Evidence of meeting #128 for Public Safety and National Security in the 42nd Parliament, 1st Session. (The original version is on Parliament’s site, as are the minutes.) The winning word was training.

A recording is available from Parliament.

On the agenda

MPs speaking

Also speaking

Bruno Gendron  Ottawa Police Service
Jocelyn Grondin  Chief Executive Officer, Urgence Bois-Francs Inc.
Shawn McLaren  Chief Learning Officer, National Office, St. John Ambulance Canada
Andrew Stanzel  Council Commissioner, Federal District, St. John Ambulance Canada
Philip Girouard  President, Urgence Bois-Francs Inc.
Scott Reid  Lanark—Frontenac—Kingston, CPC
Jamie Solesme  Director, Policy and Programs, Contract and Aboriginal Policing, Royal Canadian Mounted Police
Nathalie Guilbault  Director, Materiel and Moveable Assets Program, Royal Canadian Mounted Police
Bruce Christianson  Director, Occupational Safety Policy and Program, Royal Canadian Mounted Police
Ruby Sahota  Brampton North, Lib.

4:15 p.m.

President, Urgence Bois-Francs Inc.

Philip Girouard

You mentioned manufacturing AEDs, but it is not as simple as what we think. An AED is more than a bunch of batteries, a wire and a button. A monitor is linked to the device, which reads the arrhythmia or the heart's electrical impulses. It is a very complicated process.

4:15 p.m.

Liberal

Sven Spengemann Liberal Mississauga—Lakeshore, ON

Probably established technologies elsewhere most likely are the answer.

4:15 p.m.

President, Urgence Bois-Francs Inc.

4:15 p.m.

Chief Executive Officer, Urgence Bois-Francs Inc.

Jocelyn Grondin

You should also know that there is no learning curve for manufacturing these devices. The first AED off the production line must be of the best quality. Before embarking on such a venture, we must be sure of what we are doing. When you are about to push a button to resuscitate someone, you do not want to hear that there is a bug in the program, or that it is the first device off the production line and that the next ones will work better.

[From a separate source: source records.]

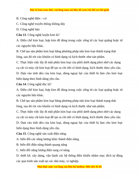 Câu 10. Công nghệ nào sau đây thuộc lĩnh vực luyện kim, cơ khí? A. Công nghệ luyện kim B. Công nghệ đúc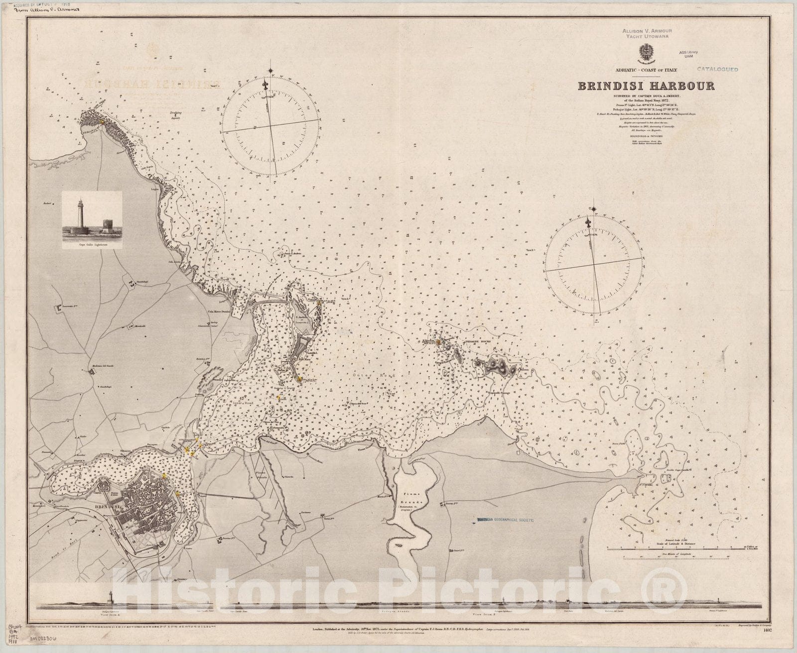 Adriatic, coast of Italy, Brindisi Harbour / published at the Admiralty 20th Novr. 1875 ; Engraved by Davies & Company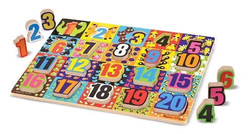 Counting fun begins with this extra thick wooden puzzle that includes 20 easy-grasp, chunky pieces (1-20). A full-color, matching number appears under each piece, and counting pictures equal to each numbered piece are shown on the puzzle board. Number pieces stand up. Encourages eye-hand, fine motor and early math skills.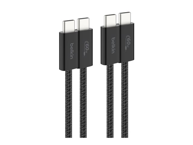 Belkin BoostCharge - USB-kabel - USB-C (hane) till USB-C (hane) - 1.5 m - USB Power Delivery (60W), flätad kabel - svart (paket om 2)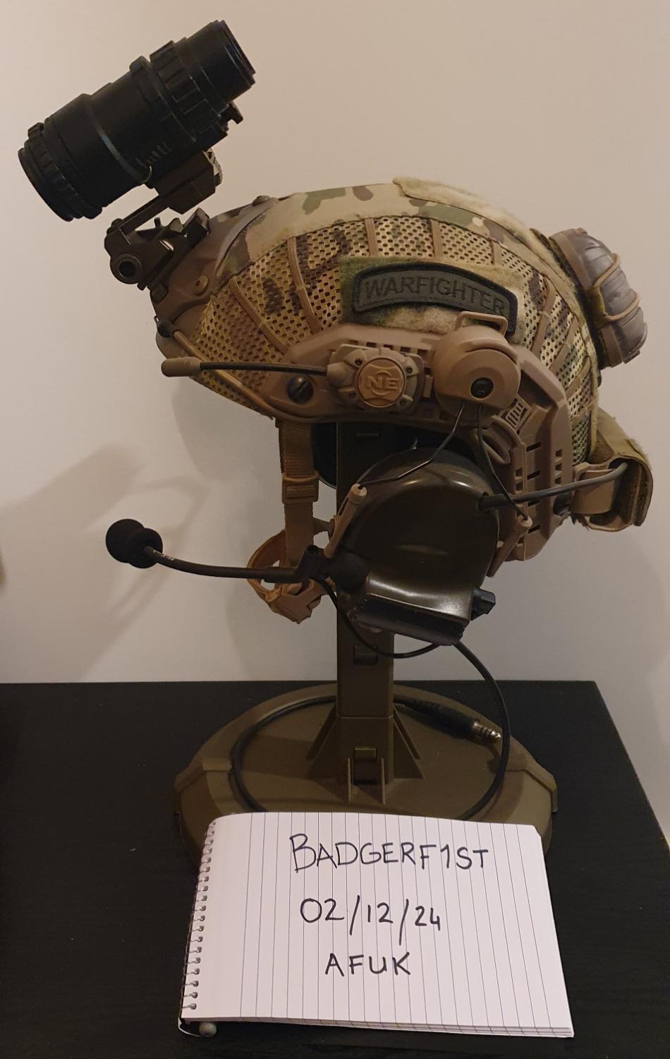 Size M-L FMA Fast helmet carbon fibre version (good weight and heft, definitely not cheap and flimsy) with Dark Earth shell, fitted with the upgraded padding kit,

I think it would be risky to get into the manufacturing of defibrillators. Instead, I think we should turn to a Canadian company that already manufactures them.

4:15 p.m.

Liberal

Sven Spengemann Liberal Mississauga—Lakeshore, ON

I have a final question on training. If we're thinking forward and we say more people need to be trained, what's the minimum age of somebody to be able to understand this technology and handle it?

Can we train schools, children in schools, young people, and if so, at what age would they be competent to handle the machine?

4:15 p.m.

Chief Learning Officer, National Office, St. John Ambulance Canada

Shawn McLaren

We begin our first aid and CPR training at age 13. We do have courses that go as low as grades 1 and 2 but our official youngest age is 13.

4:20 p.m.

Liberal

Sven Spengemann Liberal Mississauga—Lakeshore, ON

Thank you.

I think that's my time.

4:20 p.m.

Liberal

The Chair Liberal John McKay

Thank you, Mr. Spengemann.

Ms. Leitch, welcome to the committee.

You have five minutes please.

4:20 p.m.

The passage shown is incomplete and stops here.